**EXERCISE:** When writing out the entries below, keep only the lines from the line with "wjj12070 1piece Xi" to the line with "Odkrijte brezčasno zabavo", both included, exactly as they are, and leave the pictures aside.

**PROVIDED DATA:**

===

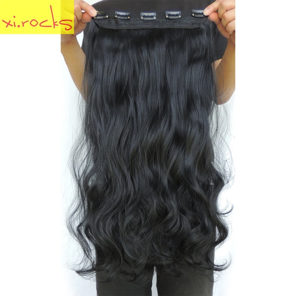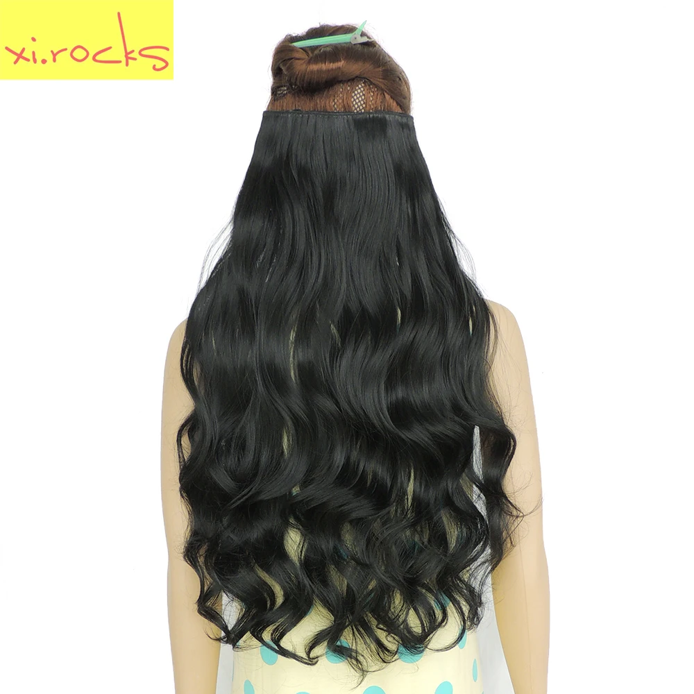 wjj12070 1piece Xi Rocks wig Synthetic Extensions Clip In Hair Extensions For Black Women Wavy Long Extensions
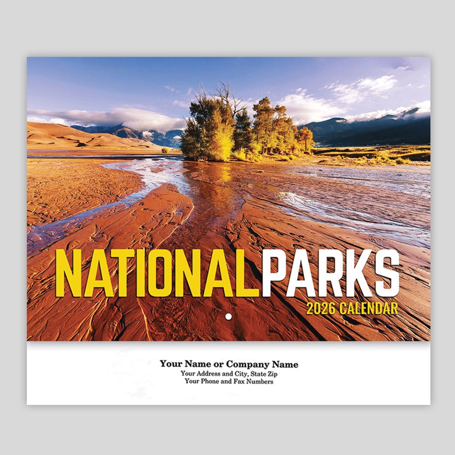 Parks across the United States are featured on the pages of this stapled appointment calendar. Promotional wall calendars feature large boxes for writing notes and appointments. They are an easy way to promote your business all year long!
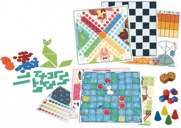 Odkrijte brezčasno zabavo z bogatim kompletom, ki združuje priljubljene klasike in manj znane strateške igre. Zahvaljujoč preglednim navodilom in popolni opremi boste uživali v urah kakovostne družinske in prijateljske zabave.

===

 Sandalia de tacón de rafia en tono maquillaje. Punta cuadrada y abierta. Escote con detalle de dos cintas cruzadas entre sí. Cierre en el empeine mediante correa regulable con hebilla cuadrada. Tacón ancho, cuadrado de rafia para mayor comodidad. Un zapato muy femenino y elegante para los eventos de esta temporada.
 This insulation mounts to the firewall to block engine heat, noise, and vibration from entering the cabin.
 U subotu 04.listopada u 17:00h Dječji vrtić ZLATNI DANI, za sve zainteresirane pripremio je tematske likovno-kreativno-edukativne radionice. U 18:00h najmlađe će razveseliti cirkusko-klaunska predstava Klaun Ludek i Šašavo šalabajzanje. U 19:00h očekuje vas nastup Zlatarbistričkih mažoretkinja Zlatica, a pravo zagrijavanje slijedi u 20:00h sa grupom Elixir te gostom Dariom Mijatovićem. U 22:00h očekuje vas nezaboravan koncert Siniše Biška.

===

**RESULT OF THE EXERCISE:**
 wjj12070 1piece Xi Rocks wig Synthetic Extensions Clip In Hair Extensions For Black Women Wavy Long Extensions
 Parks across the United States are featured on the pages of this stapled appointment calendar. Promotional wall calendars feature large boxes for writing notes and appointments. They are an easy way to promote your business all year long!
 Odkrijte brezčasno zabavo z bogatim kompletom, ki združuje priljubljene klasike in manj znane strateške igre. Zahvaljujoč preglednim navodilom in popolni opremi boste uživali v urah kakovostne družinske in prijateljske zabave.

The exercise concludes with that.